TASK OBJECTIVE
Copy each line below exactly as it appears. Pictures are to be omitted.

DATA SEGMENT
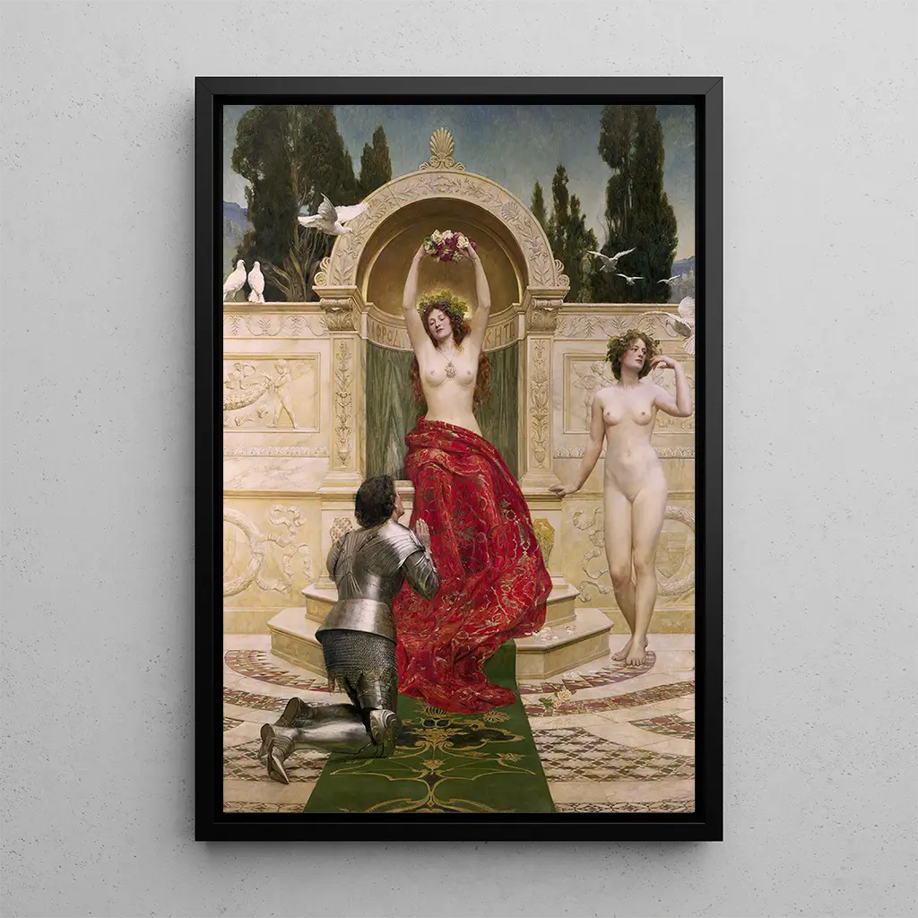 En esta obra cautivadora, John Collier nos sumerge en el corazón de una leyenda medieval donde Tannhäuser, un trovador, se encuentra en el reino encantado de Venus. La composición es rica en detalles, con colores vibrantes que evocan la pasión y la belleza. Las tonalidades de rojo y dorado predominan, creando una atmósfera a la vez mística y sensual. La técnica de Collier, que combina realismo y simbolismo, permite sentir la intensidad de las emociones de los personajes, mientras que el fondo exuberante refuerza el carácter mágico de esta escena.
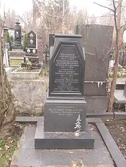- ↑ В записи о браке, доступной на сайте еврейской генеалогии JewishGen.org (требуется регистрация), указывается, что Мендель Беркович Месерер (с одним «с»), уроженец местечка Долгиново 29 лет, и Шима Мовшевна Шабад, уроженка Антоколя 24 лет, сочетались браком 19 января 1895 года в Вильне. Вся семья М. Б. Месерера была записана с одним «с»; Сима Моисеевна Шабад во всех документах того периода записана как «Шима Мовшева Шабад».
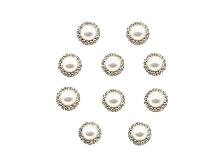 - (1) Ximkee 10pcs Round Pearl Buttons with Shank for Sewing Gold Button Crafts for Clothes Shirts Suits Coats Sweaters Wedding Dress Clothing Decorations (Rhinestone, 28L/18mm)
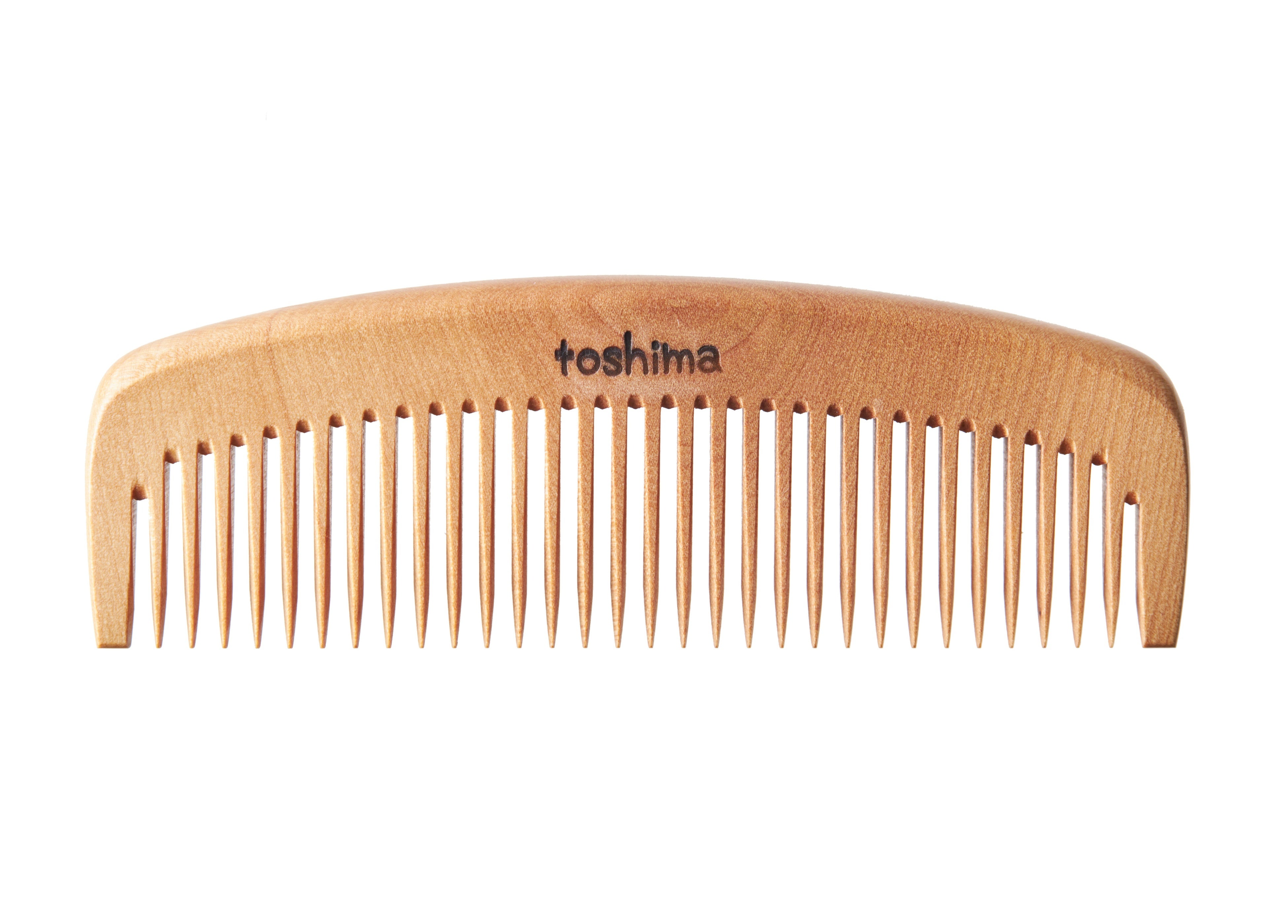 間伐材を使い、昔ながらの手仕事で製作。歯の1本1本を研磨し、椿油で仕上げており使うほどに髪にツヤが出てくる一品です。椿林の手入れのために伐採される木をリユースし、原木から約3年をかけてじっくり作り上げているので、ヘアオイルとともに長くお使いいただけます。

SOLUTION FOR THIS PROBLEM
 En esta obra cautivadora, John Collier nos sumerge en el corazón de una leyenda medieval donde Tannhäuser, un trovador, se encuentra en el reino encantado de Venus. La composición es rica en detalles, con colores vibrantes que evocan la pasión y la belleza. Las tonalidades de rojo y dorado predominan, creando una atmósfera a la vez mística y sensual. La técnica de Collier, que combina realismo y simbolismo, permite sentir la intensidad de las emociones de los personajes, mientras que el fondo exuberante refuerza el carácter mágico de esta escena.
- ↑ В записи о браке, доступной на сайте еврейской генеалогии JewishGen.org (требуется регистрация), указывается, что Мендель Беркович Месерер (с одним «с»), уроженец местечка Долгиново 29 лет, и Шима Мовшевна Шабад, уроженка Антоколя 24 лет, сочетались браком 19 января 1895 года в Вильне. Вся семья М. Б. Месерера была записана с одним «с»; Сима Моисеевна Шабад во всех документах того периода записана как «Шима Мовшева Шабад».
 - (1) Ximkee 10pcs Round Pearl Buttons with Shank for Sewing Gold Button Crafts for Clothes Shirts Suits Coats Sweaters Wedding Dress Clothing Decorations (Rhinestone, 28L/18mm)
 間伐材を使い、昔ながらの手仕事で製作。歯の1本1本を研磨し、椿油で仕上げており使うほどに髪にツヤが出てくる一品です。椿林の手入れのために伐採される木をリユースし、原木から約3年をかけてじっくり作り上げているので、ヘアオイルとともに長くお使いいただけます。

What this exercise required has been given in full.